FIGURE 5.4. Interactions between different proteins in a yeast cell. The nodes represent different types of protein, and the lines between two nodes mean those proteins interact (by joining to form a complex, for example). Systems biologists try to make sense out of this.59

Clearly, modelling even a unicellular bacterium such as E. coli is an enormous challenge. The cellular machinery lacks what the Pythagoreans referred to as “the universal harmony and consonance of the spheres.” It is hard to imagine determining even the correct initial condition for the cell, since this would have to include its entire structure, the configuration of proteins, and so on. The only option is to pass over all these details, make a number of gross simplifications, and hope that the resulting low-resolution model will capture the essence of the underlying dynamics. The model could then be used, for example, to determine how changes to particular genes affect the phenotype—information that might prove useful in the study of human disease.

COMPLICATIONS

The simplest way to build such a model is to treat the cell like a test tube full of chemicals interacting according to the rules that govern large-scale chemical reactions. Because it is not possible to track every single reaction, the model must focus on an isolated subset of the complete system. The result is a large set of differential equations that can be solved on the computer. Such an approach, while straightforward, has a number of drawbacks. The use of differential equations assumes that the chemical concentrations vary in a continuous way. However, RNA molecules are produced from DNA and later degrade in a discrete fashion, so their numbers will vary in a somewhat random manner. Complex organisms use multiple control systems to reduce the effects of this stochastic noise, as it is known (the word “stochastic” comes from the Greek stokhos, which was a pointed stake used by archers as a target). Stochastic noise can be captured to an extent by modelling the reactions as discrete, random events between individual molecules, which is more realistic but computationally expensive.60

Another modelling difficulty is that measurements of reaction rates and chemical properties in a laboratory setting may be highly misleading, because cellular context matters. If solutions containing two chemicals are mixed together in a test tube, the reaction rate depends on the mixing process and will obey simple statistical laws. In the cell, however, protein traffic is carefully guided and controlled. Therefore, techniques that can be used to model chemical reactions for millions of molecules in a solution are simply not appropriate inside a small cell, where interactions are controlled by local effects. Finally, a model that focuses on only a subset of reactions will have to omit a large part of the system, and perhaps miss important interactions.

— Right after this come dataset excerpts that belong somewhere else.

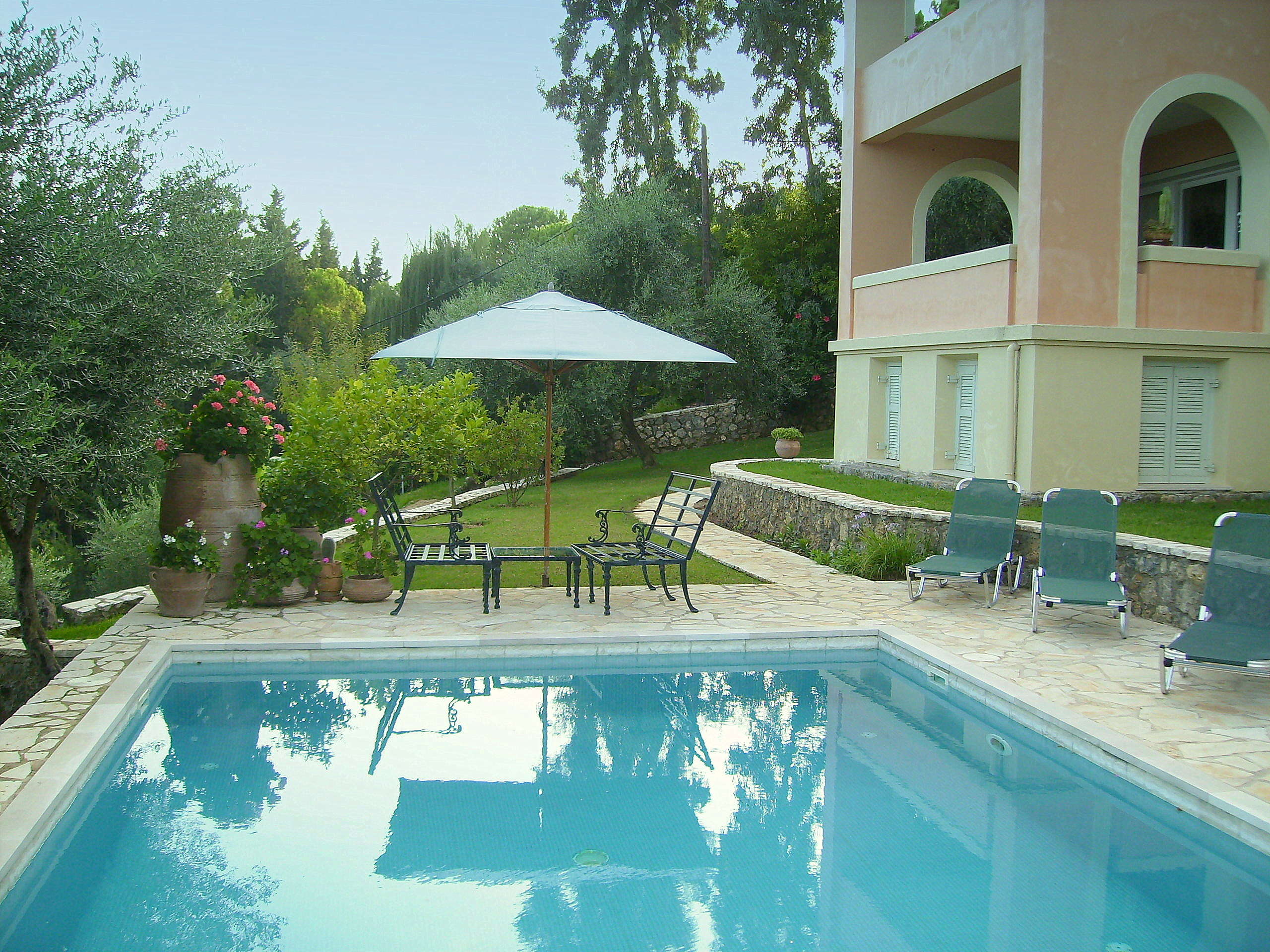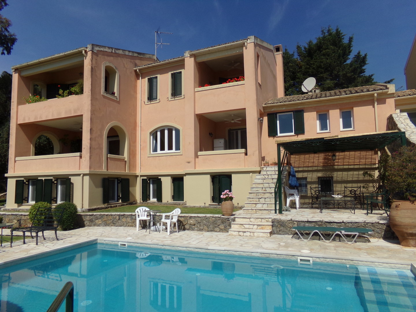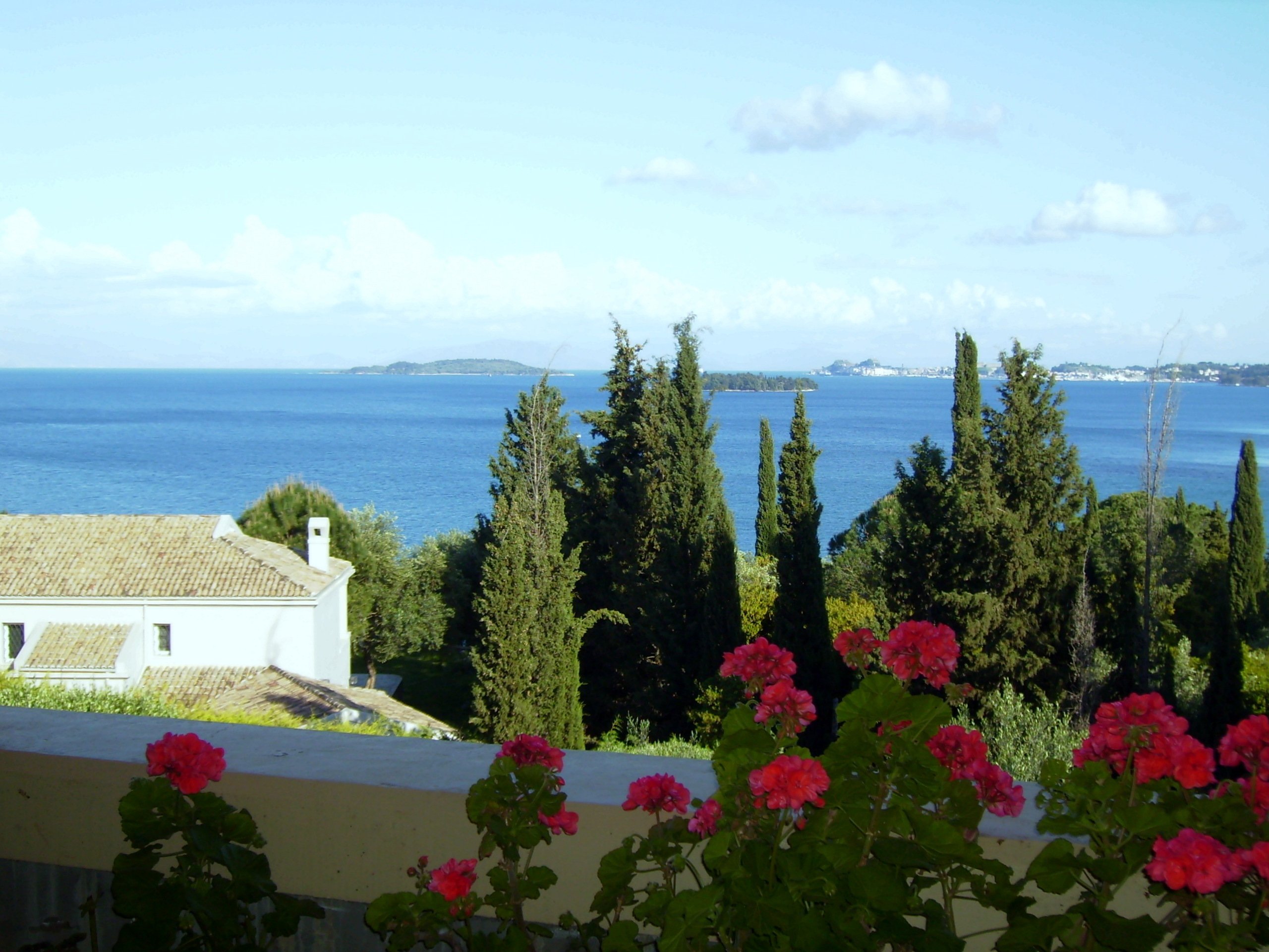 This superior villa is situated 10 kilometres north of Corfu Town in the elegant suburb of Kommeno. It faces South East and overlooks the sea towards the marina at Gouvia, the islands of Lazaretto and Vidos, Corfu town and the mountains of the Greek mainland.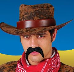 Complete your American Wild West Cowboy themed costume with this pack which contains a self adhesive black tash.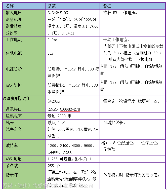 WN-201系列是我司新推出的一款低功耗的高精度温湿度传感器,具有防水、耐高温高湿、宽电压 3.3V~24V 输入等特点。采用 485 通讯,标准 Modbus-RTU 通讯协议,内置进口高精度 sht30 传感器芯片,温度±0.3℃,湿度±3%RH。传感器具有超小的体积,保护套采用铜烧结保护壳和 PE 防水保护壳,铜烧结保护壳通过铜颗粒烧结后镀镍,具有透气、耐高温、抗腐蚀等特点,提升传感器寿命,接线部分采用航空插头,可快速安装和拆卸;PE 防水保护壳采用高分子 PE 材料烧结滤芯,能够防水,滤除灰尘,对高速流动的气体起到缓冲的作用,测量温湿度的结果更平稳准确,适用于室外淋雨、高湿度农业大棚等环境。
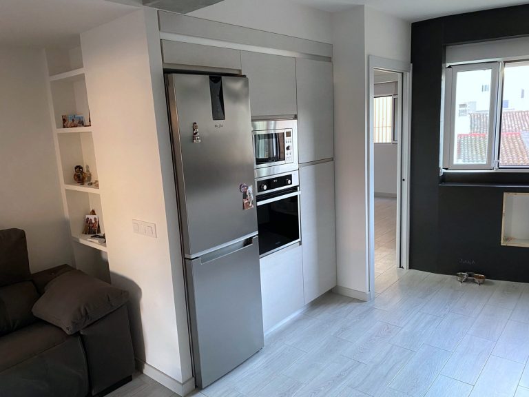 Nuestra clienta buscaba un hogar más cómodo y práctico, con un espacio principal amplio que uniera el salón-comedor con la cocina, además de un baño funcional y un mayor nivel de confort.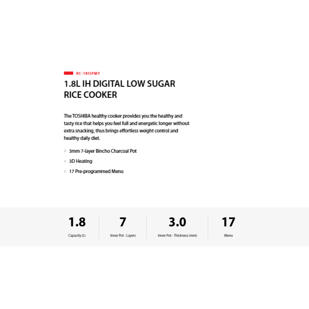 TOSHIBA 1.8L IH DIGITAL LOW SUGAR RICE COOKER(GREY METAL) RC-18ISPMY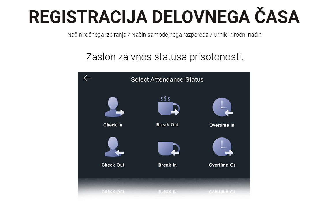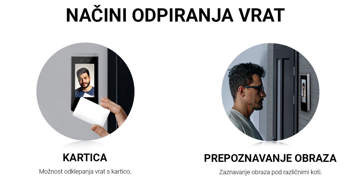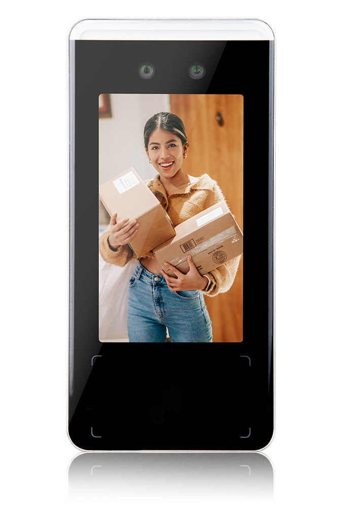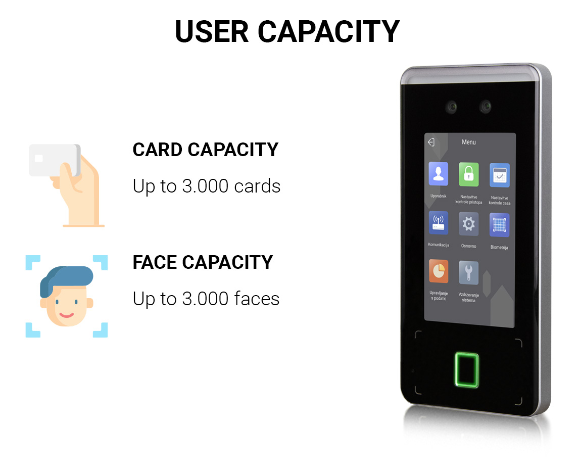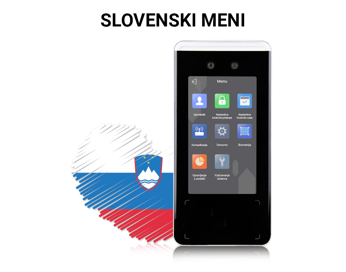 - Terminal za prepoznavanje obrazov, 4,3-palčni LCD zaslon na dotik, širokokotna leča z ločljivostjo 2 milijona slikovnih pik, vgrajen bralni modul Mifare
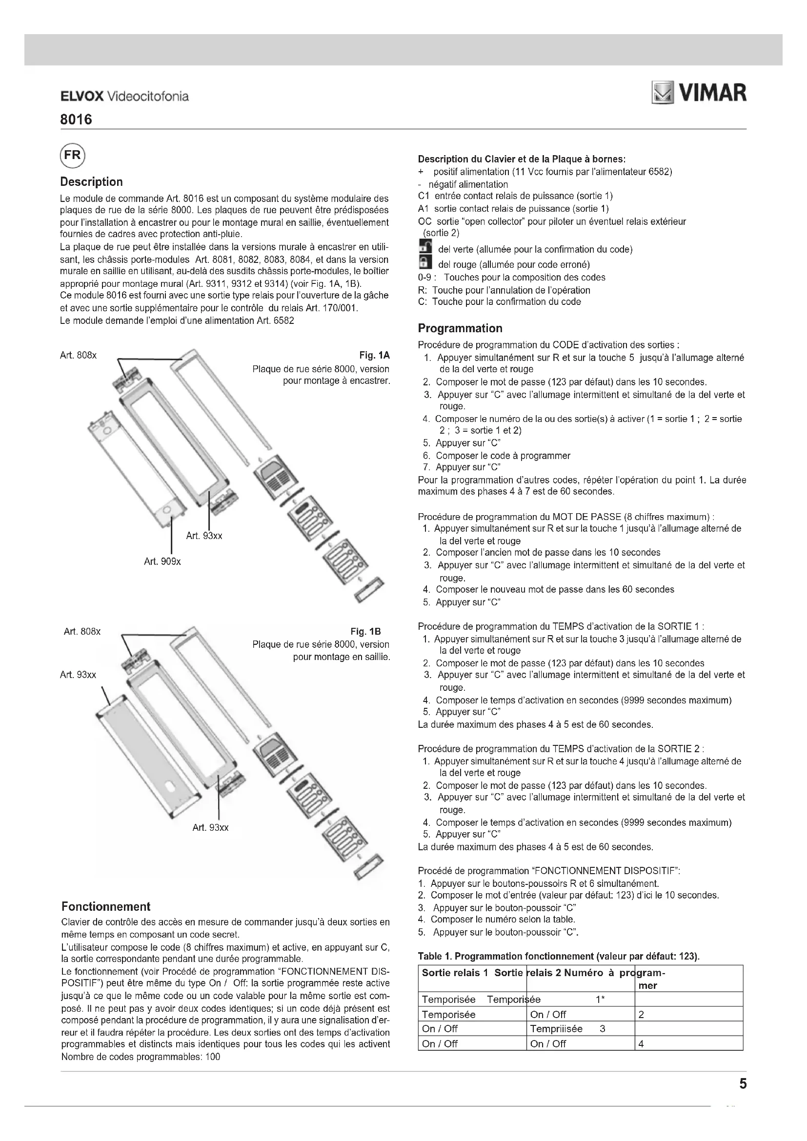 ELVOX 8016 - Système de contrôle d'accès Vimar - Notice d'utilisation et mode d'emploi gratuit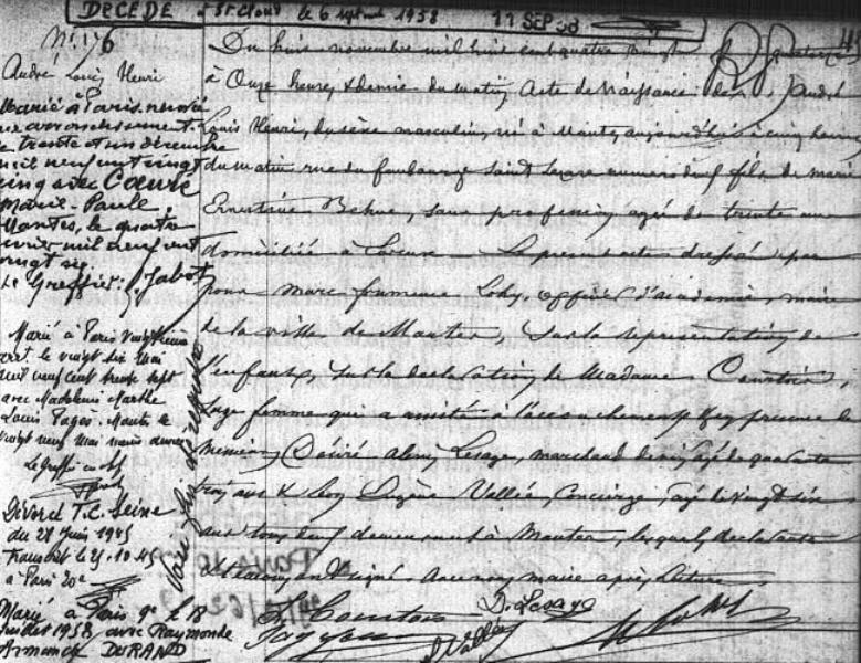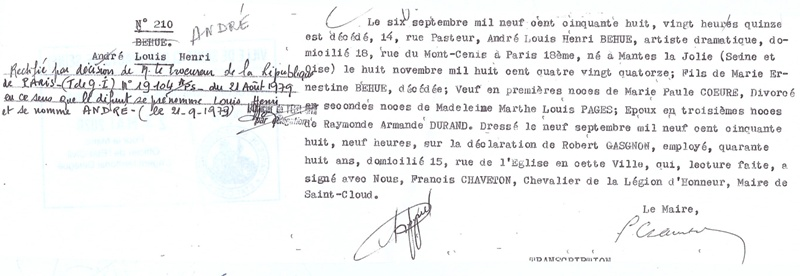 1958 Acte de décès (Saint-Cloud, France)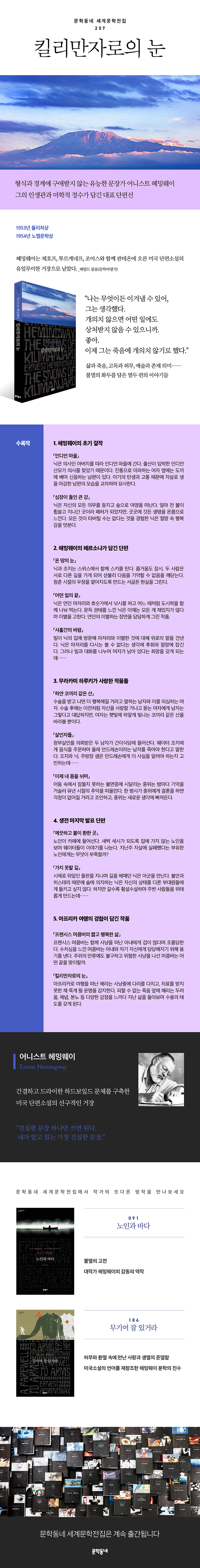 문학동네 세계문학전집 257번으로 출간된 『킬리만자로의 눈』에는 초기 단편 「인디언 마을」부터 마지막 단편 「프랜시스 머콤버의 짧고 행복한 삶」까지 헤밍웨이의 필치가 가장 잘 드러난 작품 12편을 모았다. 헤밍웨이는 서구의 기존 제도에 의문을 제기하는 모더니즘 사조를 토대로 자신만의 개성을 만들어나갔고, “빙산의 움직임이 위엄 있는 것은 그 팔분의 일만이 물위에 있기 때문”이라며 생략의 미학을 추구했다. 수록작 「인디언 마을」 「하얀 코끼리 같은 산」 「이제 내 몸을 뉘며」 「깨끗하고 불이 환한 곳」 등에서 이러한 헤밍웨이 미학의 본질을 만나볼 수 있다.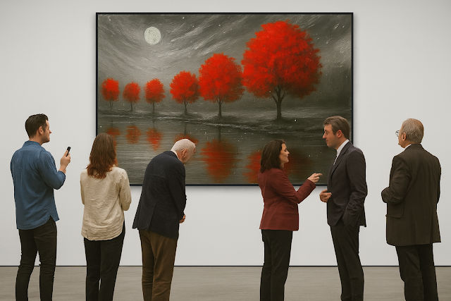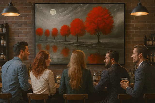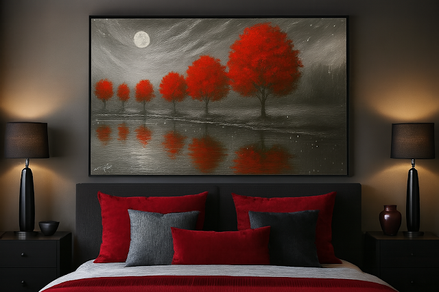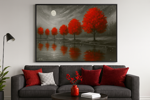 A hush falls over the landscape as six crimson trees stand sentinel beside a moonlit lake, their reflections rippling softly in the still water. The sky, heavy with swirling clouds and falling snow, glows under the watchful eye of a full moon—its light casting a silvery veil across the grayscale forest beyond. Each tree burns with quiet intensity, a vivid contrast against the subdued palette, evoking memory, longing, and the passage of time. The scene is both haunting and serene, inviting the viewer to pause, reflect, and listen to the whispers carried on the winter wind.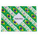 La bandera brasileña se muestra aquí con la palabra BRASIL abajo en los colores de la bandera. Brasil es la palabra portuguesa para Brasil. El diseño está embaldosado para una mejor estética. Los cuadrados apresurados forman un área blanca donde puedes personalizarla con tu nombre. Si prefiere dar un regalo personalizado, simplemente agregue el nombre de otra persona.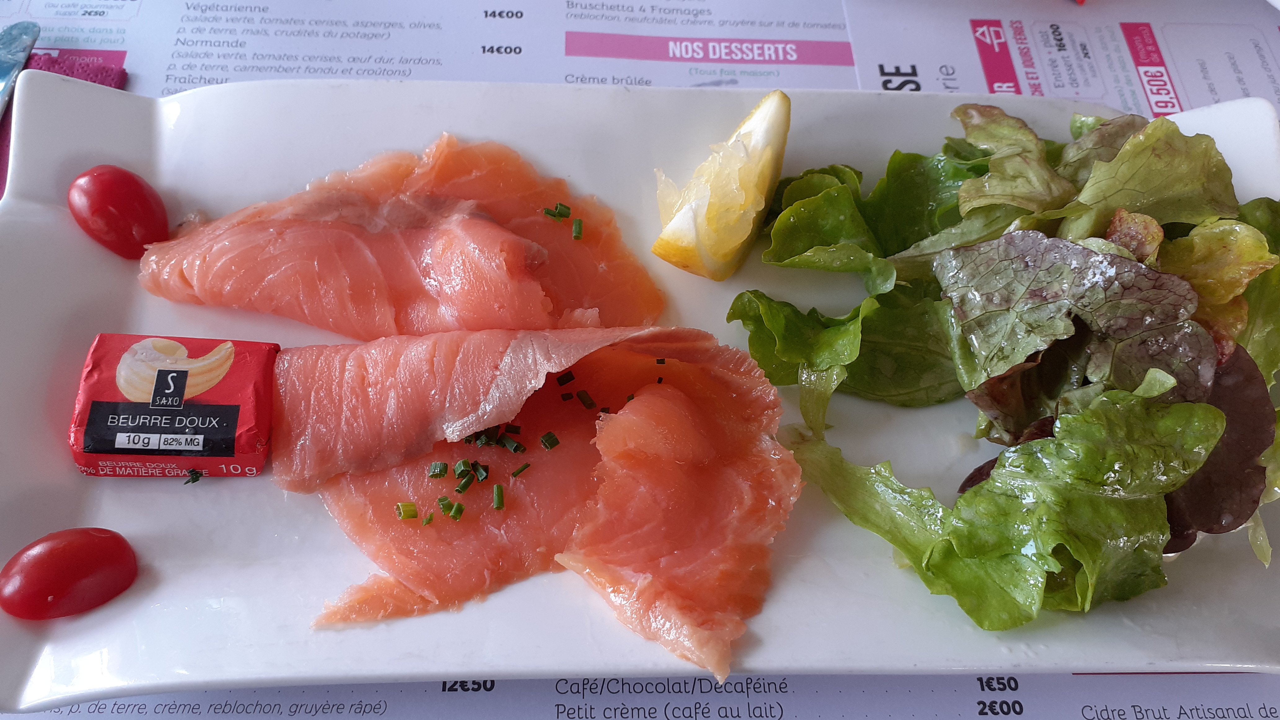 Tout a été très bon. J'ai prit une salade, filet de bar ainsi qu'une galette saumon excellent propre et super bien présenté. Personnel très accueillant, souriant, au top. Je recommande à 100% au passage à Dieppe, j'y retournerais volontiers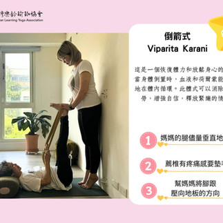 這是一個溫和的前伸展體式。膝蓋和小腿下方放抱枕支撐可以避免膝蓋的壓力,用瑜珈繩幫助媽媽穩定骨盆將身體向前伸展,脊椎和軀幹可以得到很好的被動拉伸。媽媽可以感覺到背部肌肉放鬆、柔軟時,軀幹是如何被伸展的。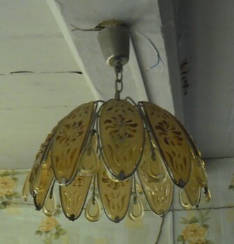 Мне досталась от свекрови в наследство вот такая обычная, советская, тяжелая, я бы даже сказала фундаментальная люстра. У нее очень много недостатков: В связи с этим я решила ее преобразить. 1.Снимаем одну стеклянную деталь. 2.Обводим ее на бумаге так, чтобы получилась выкройка. 3.Вырезаем получившийся шаблон. 4.На шаблоне делаем карандашом разметку для дырок. 5.Делаем еще несколько шаблонов. Складываем лист бумаги по размеру шаблона. Я сложила лист втрое. Обвела шаблон. Иголкой перенесла разметку дырок сразу на все шаблоны, прокалывая насквозь. Лучше это делать на пенопласте или газете, чтобы не испортить поверхность стола. 6.Вырезаем шаблоны по контуру. Получилось сразу несколько шаблонов с дырками. 7.Тяжелые стеклянные детали я решила заменить лёгкими, пластиковыми. Для этого я использую пластиковые бутылки. Бутылки заранее подготавливаем – промываем и удаляем этикетку. Обои на даче у меня зелёные с желтыми цветочками, поэтому я возьму бутылки мятного цвета. 8.К бумажному шаблону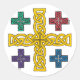 A celtic knotwork cross surrounded by four smaller crosses. The large cross represents Jerusalem, and the four smaller crosses are the four corners of the world.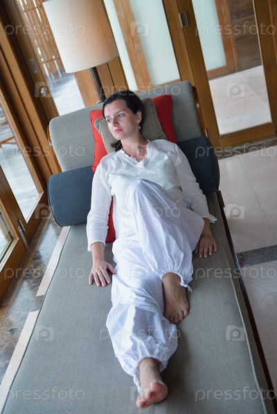 Счастливая молодая женщина отдыхает дома на диване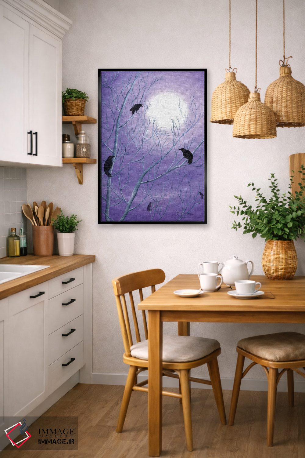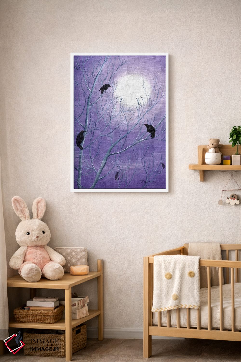 در «کلاغها روی شاخههای خالی» اثرِ «لورا ایورسن»، حضور حیوانات به فضا، گرمیِ ملایم اضافه میکند؛ برای اتاق کودک (بدون لحن کودکانه) انتخابی خوشسلیقه است. برای دیوار گالریوار هم گزینهٔ خوبیست.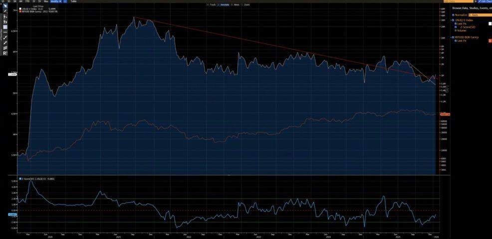 从下方另一张图表中还可发现,自 2020 年以来,比特币与美国流动性指数的相关性极强(2024 年因 ETF 资金流入导致的数据偏差除外)。目前,美国流动性指数已突破短期(白色线)与长期(红色线)下降趋势线 —— 新的上升趋势已现端倪。

Modelling of biological systems is an area of intense research activity, and new algorithms and techniques are constantly being developed. However, as modellers add more detail—say, by simulating the fine structure of the cell—they run into problems trying to verify it properly against experimental data. In biological models, there always seem to be far more parameters than there are quantities that can be measured, and as more detail is added, the number of parameters explodes. It is therefore impossible to deduce their correct values from experiments. The models suffer from the same problem as the Greek Circle Model did: they are too flexible.61 As Will Keepin put it, modellers can pull the levers and make the model do whatever they want. This is common to all the systems discussed in this book. It is the signature of uncomputability.

LOCAL OR GLOBAL

The more closely we study cellular dynamics, the clearer it becomes that they depend on a multitude of local effects, acting on individual molecules, that cannot be neatly captured by equations. The initial condition is given by the DNA and the starting distribution of

proteins and other molecules, and the rules are the laws of chemistry and physics. Yet even perfect knowledge of both these things would not allow us to predict the system’s state after a certain length of time. For that, we’d need to run the system itself. The cell’s characteristics, or traits, are analogous to emergent properties of complex systems, which elude computation (see figure 5.5 on page 207). It is easy to devise models that appear to fit past data, but this does not mean the models can predict the future.

This problem is compounded in multicellular organisms, like humans. We contain about 100 trillion cells, in a hierarchy where each level depends on the level below and above it. The body is made up of organs, which in turn are made up of separate components, which are made up of cells, which are made up of smaller organelles, and so on, down to the level of molecules. Since there is a constant flow of information between these levels, it is not possible to draw an arbitrary line at some level of complexity. Like clouds or turbulent flow, living beings exhibit structure over a wide range of scales.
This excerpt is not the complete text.